The Beginners is a compelling story both original and universal of one woman and a choice she couldn't make; a tale of yearning, of regrets, and of memories. Anne Serre reinvents the vocabulary of love to deliver, in lucid fragments, a feverish and detailed analysis of romantic enchantment, like an archeologist of desire.
Anne Lore, now forty-three, has lived with Guillaume for twenty years. Their life together has been so blissfully smooth that she has never had to question her childhood belief in the possibility of two people being entirely united as one. Until she meets Thomas.

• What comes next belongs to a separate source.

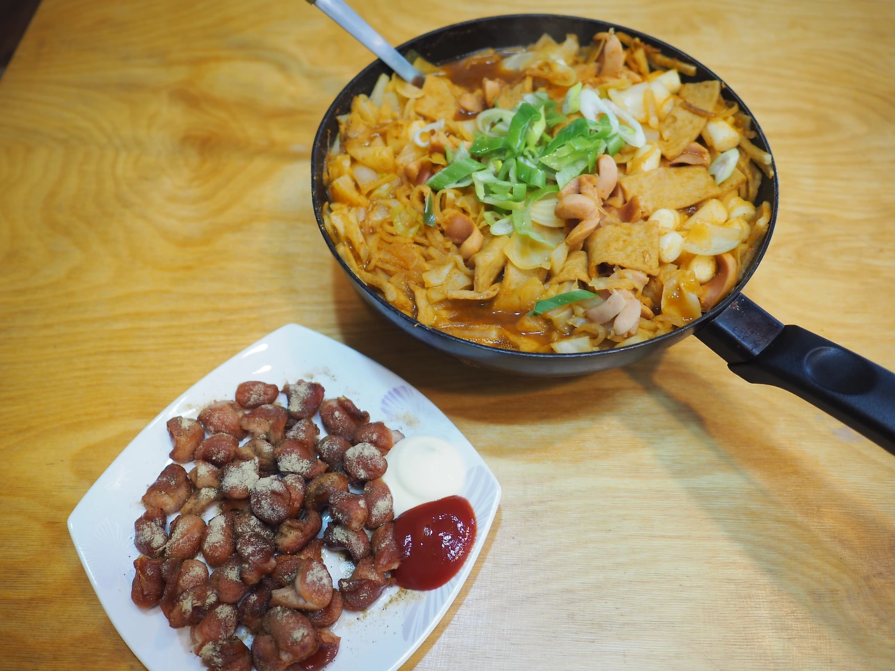 언니는 보리암에서 금산산장까지 가서 컵라면을 한 사발 들이키고 두모 입구까지 산길로 내려왔다고 한다. 내려오는 길도 작은 바위 큰 바위를 밟으며 내려와야 하는 험지라 한참 시간이 걸렸단다. 점심 식사로 떡볶이와 커리 없는 커리부어스트를 준비해 놓고 전화를 했더니 두모 입구 바로 앞이라고 해서, 바로 차로 태워와서 같이 식사를 했다. 반쯤 무동력으로 남해 여행을 하는 언니의 용기가 멋지다. 그저께는 노도 트래킹, 어제는 서핑, 오늘은 하이킹. 알찬 3박 4일의 여행이었다.

Thomas reminds her of everyone and no one but creates a clear vision of that illusive and ever-changing figure she has held deep inside her as a girl—her Prince Charming. Yet, the man who is Thomas remains as mysterious as her feelings for him. The desire she feels for him, to simply press her naked skin against his, is like nothing she ever felt for Guillaume. Guillaume, however, has given her more happiness than anyone, even Thomas, ever could. The two men begin to turn and twist in her mind, constantly changing places and sliding in and out of focus.
Serre tells the story of the triangle from a studied distance so that neither Anne, nor Thomas, nor Guillaume is the main character, but rather love itself. The Beginners is a deft portrayal of love's complexities and contradictions, its fleeting and fluid nature; a character completely familiar and yet one that has seldom before been seen as clearly.